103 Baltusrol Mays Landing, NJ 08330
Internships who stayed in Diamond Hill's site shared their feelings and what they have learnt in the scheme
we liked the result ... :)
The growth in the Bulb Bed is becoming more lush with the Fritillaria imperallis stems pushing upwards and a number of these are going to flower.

---

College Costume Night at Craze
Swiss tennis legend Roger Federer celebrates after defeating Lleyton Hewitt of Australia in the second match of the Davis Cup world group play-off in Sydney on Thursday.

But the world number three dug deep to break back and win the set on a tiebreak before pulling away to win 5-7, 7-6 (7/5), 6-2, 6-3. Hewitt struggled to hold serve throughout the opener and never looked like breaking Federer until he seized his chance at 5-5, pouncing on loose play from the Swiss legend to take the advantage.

...

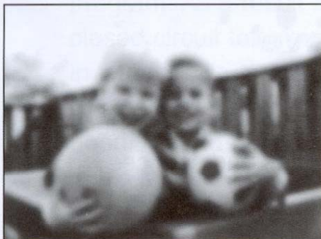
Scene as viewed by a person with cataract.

**Work item**
Pick every line of the data that includes the string "world".

**Finished exercise**
Swiss tennis legend Roger Federer celebrates after defeating Lleyton Hewitt of Australia in the second match of the Davis Cup world group play-off in Sydney on Thursday.
But the world number three dug deep to break back and win the set on a tiebreak before pulling away to win 5-7, 7-6 (7/5), 6-2, 6-3. Hewitt struggled to hold serve throughout the opener and never looked like breaking Federer until he seized his chance at 5-5, pouncing on loose play from the Swiss legend to take the advantage.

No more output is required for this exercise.